First, here are the collages I have made, so its easier to initially introduce them. Then I will post some cute pictures of everyone.









These are my boys. Top: Harry-10 year old miniature red dachshund, Elliot-6 year old standard red dachshund, Middle: Peanut-unknown age, but older than 5 Rat terrier/italian greyound (thats a guess.. he could be chihuahua too), Bjorn- year old cocker spaniel/chihuahua mix (thats a guess too), Cartman-5 year old Standard dapple red dachshund. Bottom: Bradley- almost 8 year old dachshund mix.. possible shepherd mix, and Bobbo- year old Miniature red dachshund.









And my girls:

Top: Daggett-6 year old miniature red dachshund (she has a deformed bottom jaw), Reese-year old miniature red dachshund. Middle: Lucy, she is a black chihuahua. She looks like a skeleton in that picture because thats when we first got her, she was starved to almost death. I will post an updated picture of her in a minute,she looks so much better!, Bottom: Jannah- 3 year old miniature red dachshund, and Charlotte-3 year old rat terrier/jack russel/chihuahua mix (?).


----------



## Punkygirl0101 (Oct 1, 2006)

There is Lucy now! She was SOO aggressive too when we got her, she would bite and growl.. but now she is a complete different dog. She is so loving, and adorable! lol









i take my dogs to the dog park reguraly (not at the same time obviously, but in shifts of 3-4.) Thats Bjorn at the dog park.

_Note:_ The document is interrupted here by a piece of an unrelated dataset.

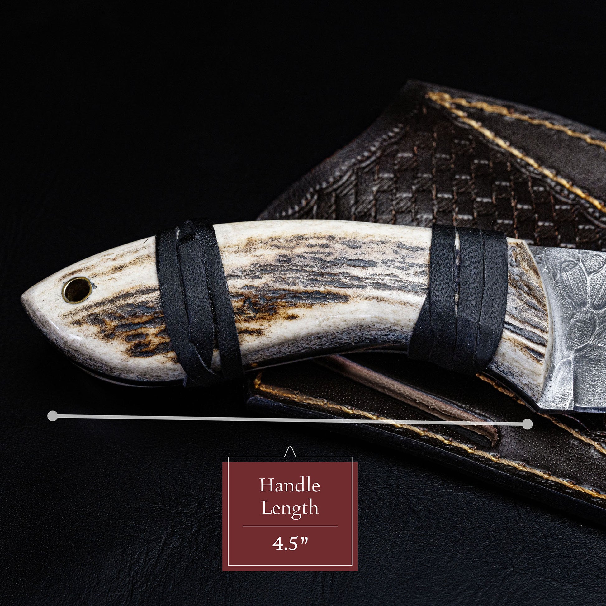 Note: As each knife is handmade, slight variations in the Stag Horn pattern and leather wrap may occur, making each piece truly unique.
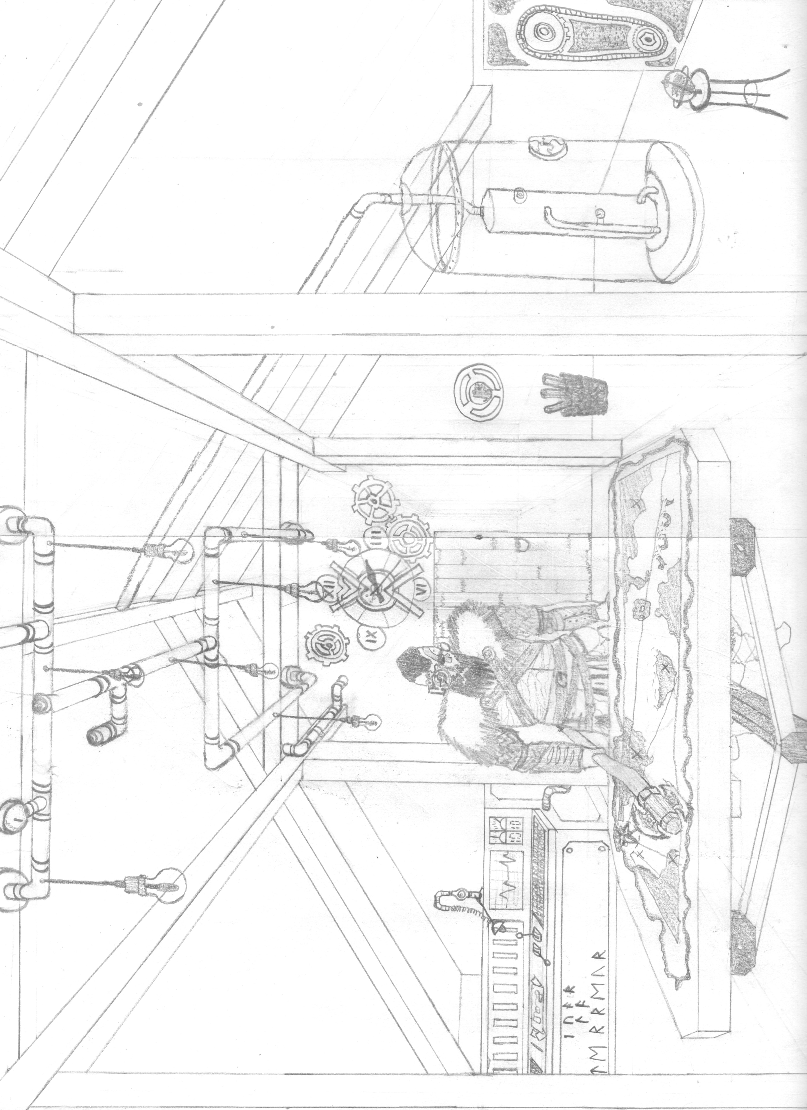 Pour rendre le tout plus intéressant, j'ai agrémentée l'illustration par des éléments de décors inspirés du steampunk, issus des inventions personnelles d’Ivar, développées lors de ses passages sur le continent. Rendant l'allure de l'intérieur plus moderne, contrastant avec la culture viking. L’éclairage provient de plusieurs lampes mécaniques fixées au plafond, attachées à des tuyaux et tubes fixés au plafond, et autour de sa table, plusieurs chaudières et générateurs permettent à l'ensemble du mécanisme de fonctionner efficacement. Gardant la cabane au chaud et la lumière assurée à chaque moment du jour et de la nuit, à la convenance du capitaine ! Dès que l'envie lui prend de venir étudier les cartes de nouvelles contrées découvertes pour voir où dénicher de nouveaux trésors, il suffit de taper des mains et la lumière fut ! Le décor est complété par une horloge murale fonctionnant grâce à des engrenages et mécanismes, qui apporte à la pièce un léger cliquetis constant apaisant Ivar dans son étude et sa réflexion.

Thats Cartman when he was a puppy.


----------



## Punkygirl0101 (Oct 1, 2006)

Bjorn sticking his tongue out! (I was rearranging my room, and I got easily distracted by the dogs cutness.)









Cartman trying to pull pecans off the tree.









jannah when she was a puppy









i love this picture! Its cartman and peanut


----------



## Punkygirl0101 (Oct 1, 2006)

a picture of Lucy when we first got her.. she was very thin.









Jannah being nursed on by 4 cats! lol. (she didn't have milk or anything, those kittens had recently been thrown away, and they were still nursing. We still have one of the white ones.)









Jannah is a princess! (I have so many dog outfits..lol. I recently bought a dog dinosaur costume for Elliot.)









There is Harry.


----------



## Punkygirl0101 (Oct 1, 2006)

Woops, these were the same pictures as above.


----------



## Punkygirl0101 (Oct 1, 2006)

Charlotte smiling









Thats another halloween costume









harry sleeping.

I have lots more. And when I get my digital camera fixed I will take even more and share them with everyone! For now, I am stuck using a camera phone.

Hope you enjoy!


----------



## sheplovr (Aug 27, 2006)

Awwww Honey So Sweet The Pack Of Dogs U Have Thought I Had Alot At 8 Shepherds To Run A Pack Of. Nice Photos Honey And Beautiful Sweetheart Dogs U Have There, Take Good Care Of Them As I Know U Are.:d


----------



## opokki (May 30, 2006)

Great photos! Your dogs are precious.


----------



## puglover62094 (Oct 2, 2006)

I love Dogs!!! I have four 
Three of them are pugs...
put a message up if you love pugs! 
the other one is a chesapeake bay retriever


----------



## alundy (Aug 17, 2006)

Very cute pups!!


----------